According to La Leche League leader Jenny Buck, a mother may be offered techniques to increase the comfort and effectiveness of breastfeeding a tongue-tied baby, but if these techniques fail, snipping the frenulum with surgical scissors is a proven solution. “This procedure, called a frenotomy, is simple; it involves no stitches, and can be done in a doctor’s clinic,” she advises. “Because there are few nerves and blood vessels in the frenulum, the procedure results in minimal discomfort or bleeding.”
Children aged six months and above can also undergo a frenotomy to treat their tongue-tie, but it will typically require a general anaesthetic and soluble stitches.

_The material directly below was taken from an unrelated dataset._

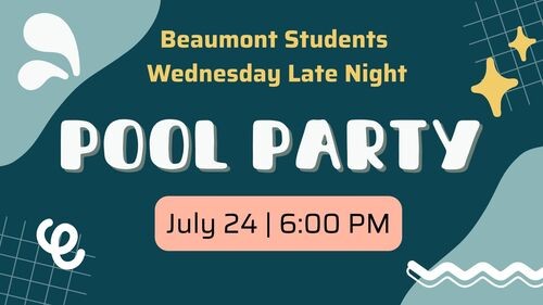 Hey BMT Students (completed grades 6-12)! Get ready for a Wednesday Late Night Pool Party! Don't forget to bring your swimsuits and towels! Remember, you must have a parental consent form on file to join us. Don't miss out on this fun event!
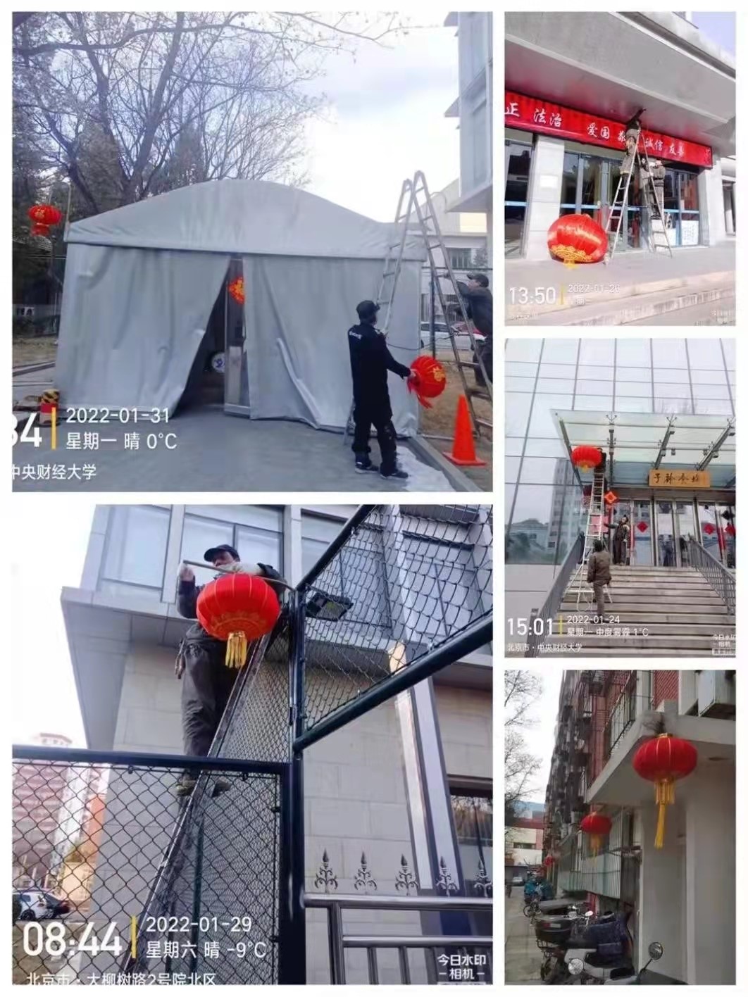 清河、西山两校区紧绷疫情防控、火灾隐患安全弦,有秩序、分批次组织开展火灾隐患集中整治排查活动,筑牢校园消防安全“防火墙”。清河物业部加强快递柜的管控消毒,有条不紊地做好学一楼学生离校登记、楼宇保洁消杀管理工作;春节前夕,在校门口、家属楼、教职工公寓等地布置灯笼、张贴福气春联,为校园增添欢乐祥和的节日气氛。

A week later, once the wound has healed, speech therapy may be required.
Unfortunately, tongue-tie can often go undiagnosed. As Dr Ho affirms, a distressed mother’s ongoing struggle to breastfeed, a poorly fed baby, and a relationship built on resentment are sufficient reasons to suspect tongue-tie and suggest snipping as a solution.
A controversial cut
But, according to Dr Ho, doctors are divided on whether or not to divide tongue-tie. “Most doctors will take a conservative approach, suggesting lactation support if there are breastfeeding issues and speech therapy if there are speech delays,” she says. “Some doctors will suggest surgery at birth, as babies do not need an anaesthetic; while others advocate waiting until a child is at least four years of age, by which time his tongue may elongate spontaneously, with increased use.”
This may explain why, when Harsha discussed the implications and treatment of tongue-tie with her paediatrician, he dismissed her concerns without checking Akash’s tongue, and suggested she switch to formula.
But as Liz Purnell-Webb, director of A Mother’s Touch and The White Lotus Centre, advises, “Nature provides us with the best nourishment for our babies through breast milk, as well as many hidden benefits such as bonding and pacifying. Let us preserve what is natural through our technology and give mothers and babies our help.”